● Activity
Copy word for word the lines in the records below, starting at the line with "Картина выполнена путем" and ending at the line with "our Internet Access.". Skip the pictures.

● Supplied records
========
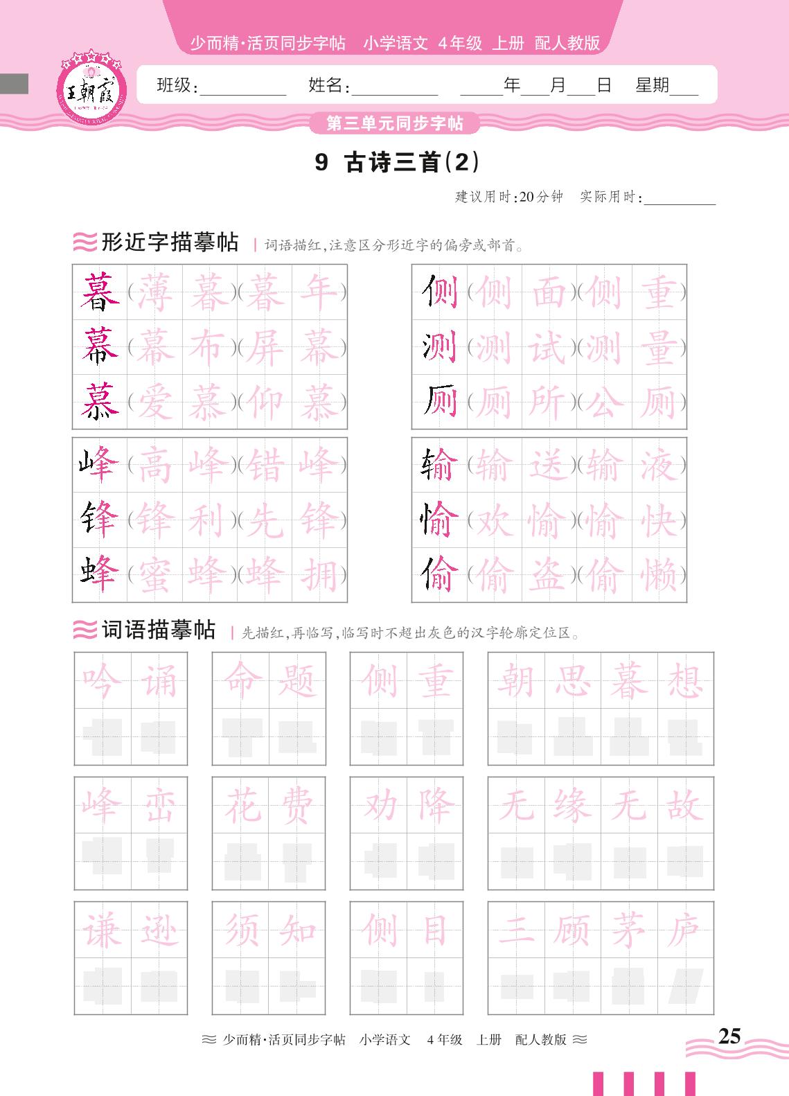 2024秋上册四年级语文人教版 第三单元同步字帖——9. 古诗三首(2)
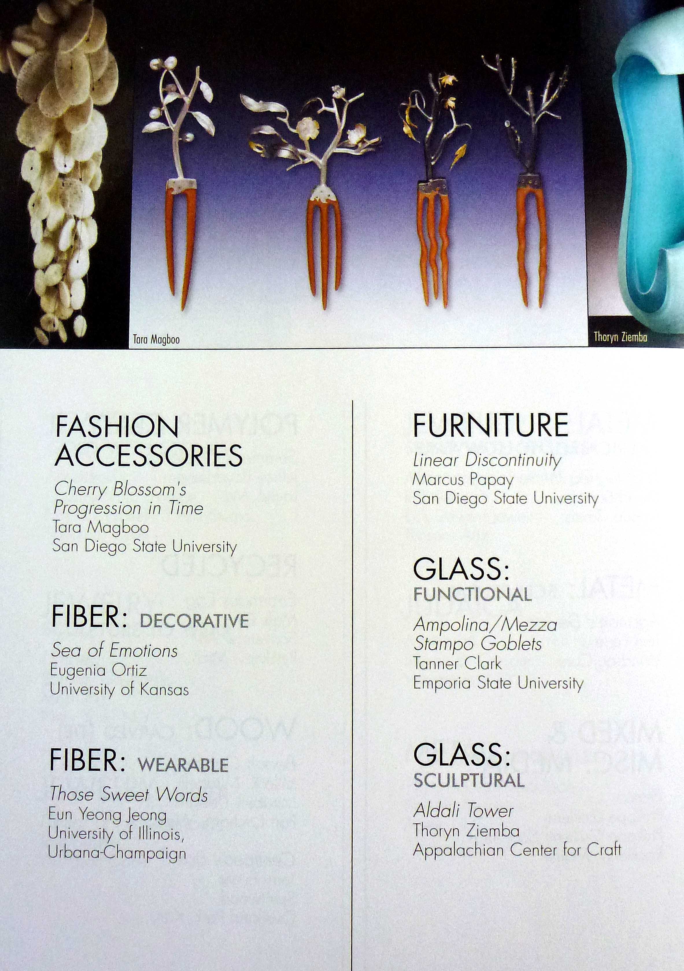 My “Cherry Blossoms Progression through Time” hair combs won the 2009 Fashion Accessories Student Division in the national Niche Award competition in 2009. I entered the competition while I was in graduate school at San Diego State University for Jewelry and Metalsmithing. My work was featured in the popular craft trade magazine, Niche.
========
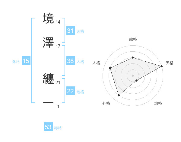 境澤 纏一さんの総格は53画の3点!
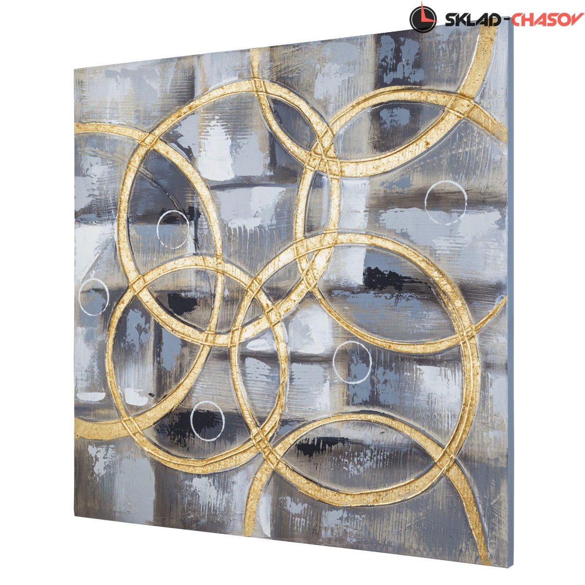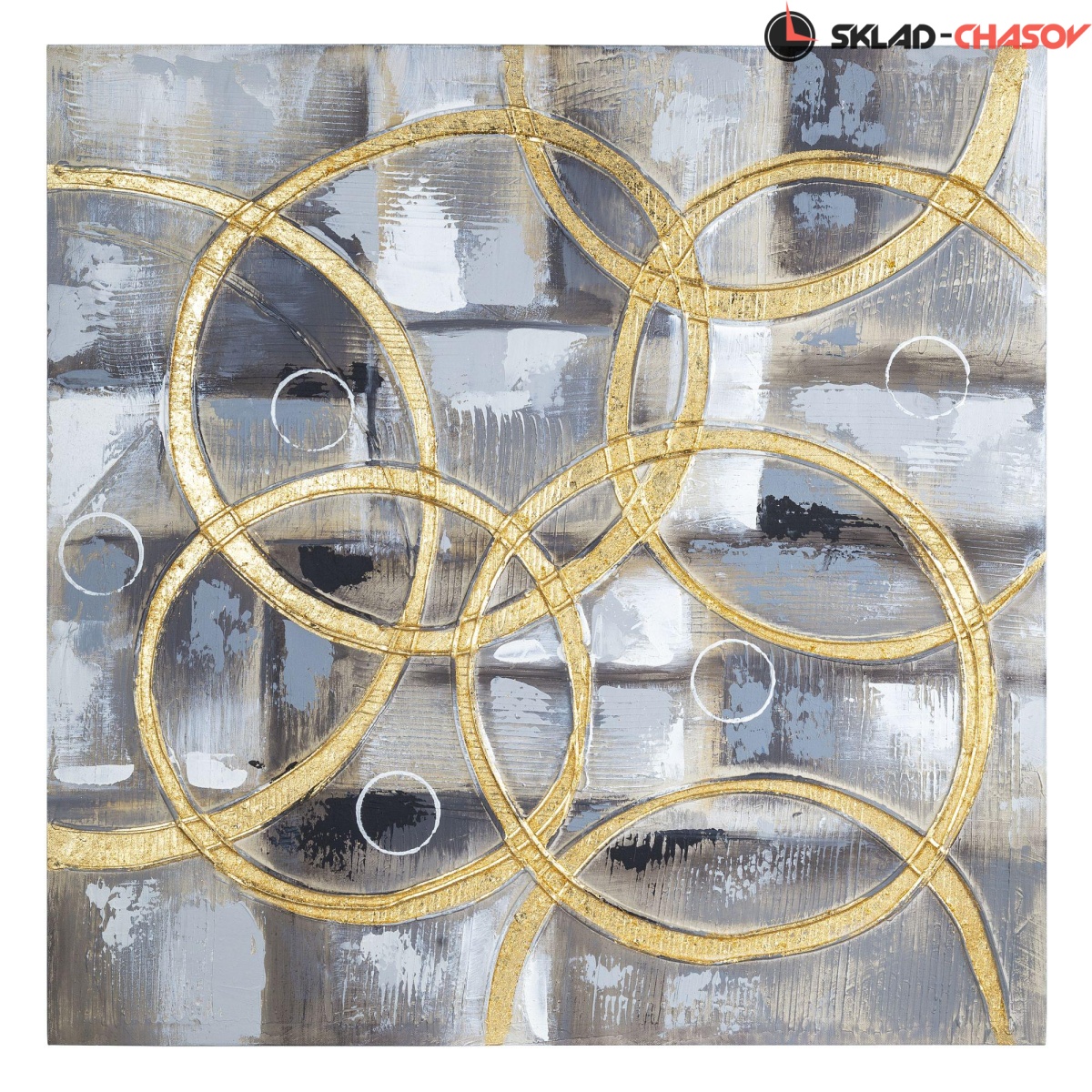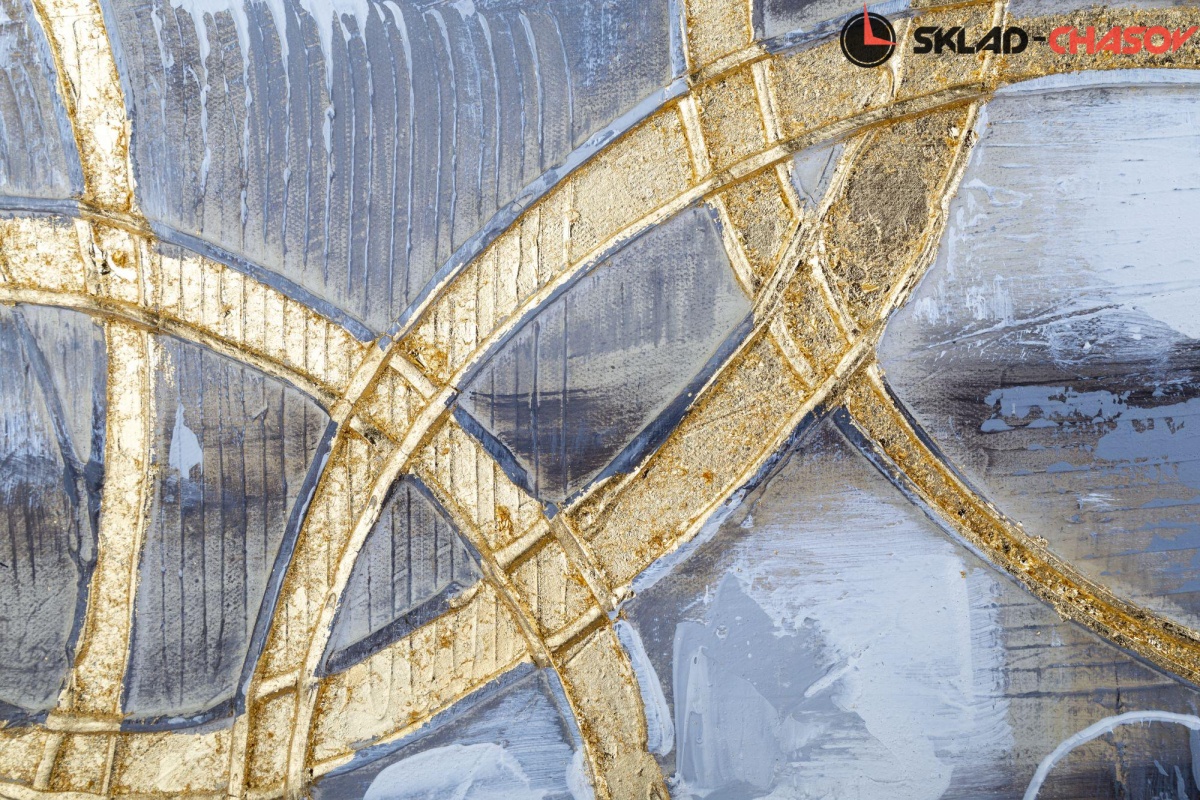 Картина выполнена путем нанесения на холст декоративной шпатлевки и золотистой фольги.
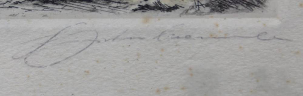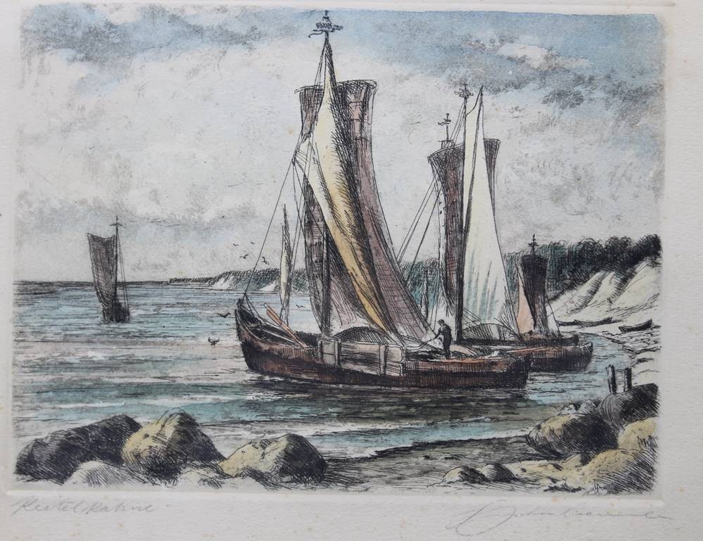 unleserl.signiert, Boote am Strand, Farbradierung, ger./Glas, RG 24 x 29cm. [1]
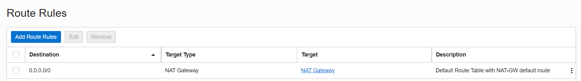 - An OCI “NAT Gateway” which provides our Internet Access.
========
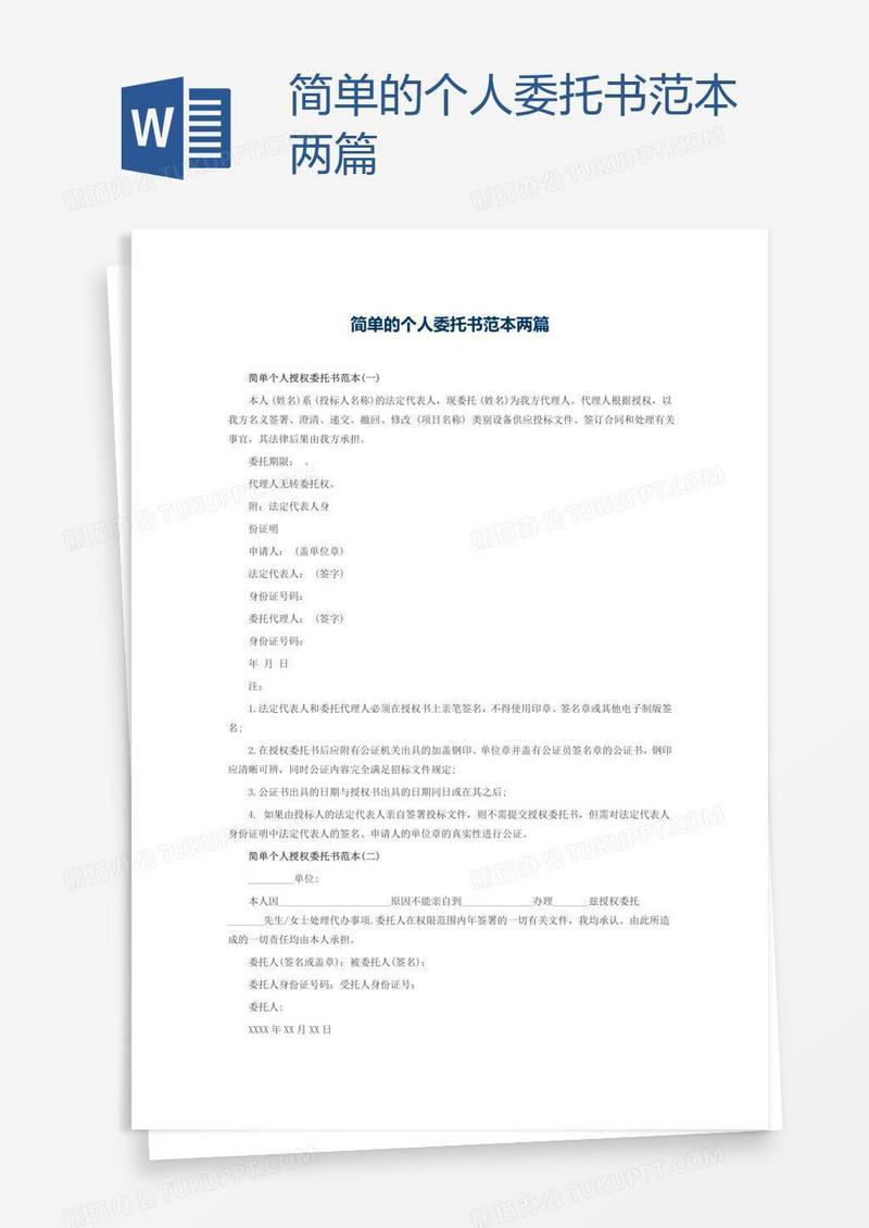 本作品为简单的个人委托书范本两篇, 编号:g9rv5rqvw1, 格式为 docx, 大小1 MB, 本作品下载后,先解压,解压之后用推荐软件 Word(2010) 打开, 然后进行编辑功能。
========
● Response for this exercise
 Картина выполнена путем нанесения на холст декоративной шпатлевки и золотистой фольги.
 unleserl.signiert, Boote am Strand, Farbradierung, ger./Glas, RG 24 x 29cm. [1]
 - An OCI “NAT Gateway” which provides our Internet Access.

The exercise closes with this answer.